Un éventuel référendum constitutionnel conduirait à la suppression des provinces en tant que collectivités territoriales décentralisées (CTD).
La loi de Finances pour 2020 dont les dispositions viennent d’être mises en vigueur par voie d’ordonnance par le président de la République prévoit un budget de 27 milliards d’ariary alloué à l’organisation de deux élections. Des indiscrétions ont permis de savoir qu’il s’agit des Sénatoriales anticipées et d’un référendum constitutionnel. Ce référendum constitutionnel permettrait au régime en place de poursuivre sa réforme institutionnelle dictée par les impératifs de la mise en œuvre de l’IEM, du « Velirano » du président de la République et de la Politique Générale de l’Etat présentée à l’Assemblée nationale par le Premier ministre Ntsay Christian. Cette fois, cette réforme institutionnelle toucherait un niveau des Collectivités territoriales Décentralisées que sont les provinces. L’article 157 de la Constitution dispose : « Les provinces sont des collectivités territoriales décentralisées dotées de la personnalité morale, de l’autonomie administrative et financière. Elles assurent la coordination et l’harmonisation des actions de développement d’intérêt provincial et veillent au développement équitable et harmonieux des collectivités territoriales décentralisées dans la province. Les provinces mettent en œuvre la politique de développement d’intérêt provincial défini et arrêté en conseil provincial. En collaboration avec les organismes publics et privés, elles dirigent, dynamisent, coordonnent et harmonisent le développement économique et social de l’ensemble de la province et assurent, à ce titre, la planification, l’aménagement du territoire et la mise en œuvre de toutes les actions de développement. »

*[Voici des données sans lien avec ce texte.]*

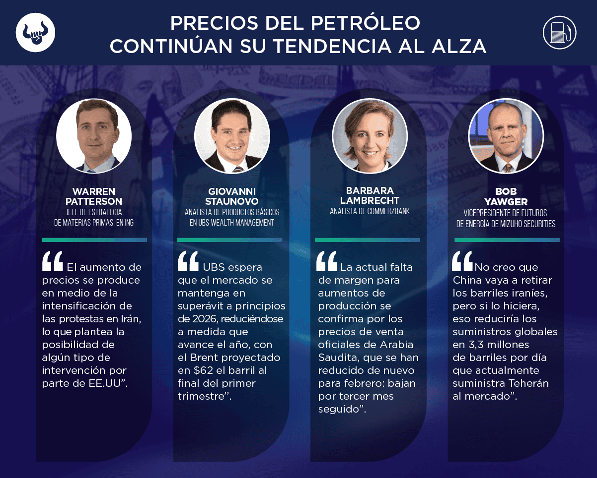 Los disturbios sociales en Irán, el arancel adicional del 25% impuesto por Trump a los compradores de crudo iraní, la confusión sobre las exportaciones de petróleo de Venezuela y los repetidos ataques a petroleros en el mar Negro han provocado una impresionante recuperación de los precios del petróleo, con el ICE Brent recuperándose hasta los $65 por barril:

Transition. Mais contrairement aux communes, les provinces prévues par l’actuelle loi fondamentale n’ont jamais été effectives. Quant aux régions, un autre niveau des collectivités territoriales décentralisées, leur effectivité n’est pas totale étant donné que les structures fonctionnent alors que les chefs de région ne sont pas encore des personnalités élues conformément aux dispositions du 1er alinéa de l’article 154 de la Constitution selon lesquelles « la fonction exécutive est exercée par un organe dirigé par le chef de région élu au suffrage universel ». Depuis l’adoption du décret n°2019-1866 relatif au gouverneur, le pouvoir en place met en œuvre une transition menant vers l’effectivité des régions en tant que collectivités territoriales décentralisées. Cette transition se matérialise par la nomination des gouverneurs à la tête des régions de Madagascar. L’article premier de ce décret stipule : « En application des dispositions de l’article 325 de la loi n° 2014-020 du 27 septembre 2014 susvisée, la fonction exécutive de la Région est exercée par un chef de région portant le titre de « gouverneur ». » L’article 7 du même texte règlementaire prévoit : « Le Gouverneur est chargé de l’identification, de la programmation et de la mise en œuvre des activités de développement d’envergure régionale, conformément aux dispositions législatives et règlementaires en vigueur. ». Avec la probable suppression des provinces, aucune autre structure ne serait placée au-dessus des gouvernorats de région. Dans ce cas, les gouverneurs de région rendraient directement compte au gouvernement et au président de la République.
Décentralisation émergente. En tout cas, la mise en œuvre de l’IEM a conduit à l’adoption d’un nouveau concept dénommé décentralisation émergente. La tenue de la table ronde interministérielle sur le thème « Politiques sectorielles coordonnées pour une décentralisation émergente » témoigne de la volonté réelle du pouvoir en place à aller de l’avant pour une décentralisation effective à Madagascar. Les participants à cette table ronde étaient unanimes sur le fait que la politique de décentralisation est une de ces politiques publiques intersectorielles, constituée de programme d’actions délibérées et coordonnées en vue du développement participatif, équilibré et harmonieux du territoire national. « La décentralisation n’est pas une option, mais une obligation pour l’émergence de Madagascar. », a même déclaré le Premier ministre Ntsay Christian durant la table ronde qui s’est tenue au Carlton Anosy du 17 au 18 décembre dernier. La concertation de deux jours à laquelle ont activement participé les gouverneurs de région a permis de mener des réflexions sur les démarches à entreprendre pour une rationalisation de l’Administration publique au service des collectivités territoriales décentralisées et le financement de la décentralisation. A rappeler que le « Velirano » n°12 du président de la République, repris par la politique générale de l’Etat, préconise l’autonomie et la responsabilisation des collectivités territoriales décentralisées. Et le pouvoir en place entend rattraper le retard de Madagascar en matière de développement avec cette autonomie et cette responsabilisation des CTD.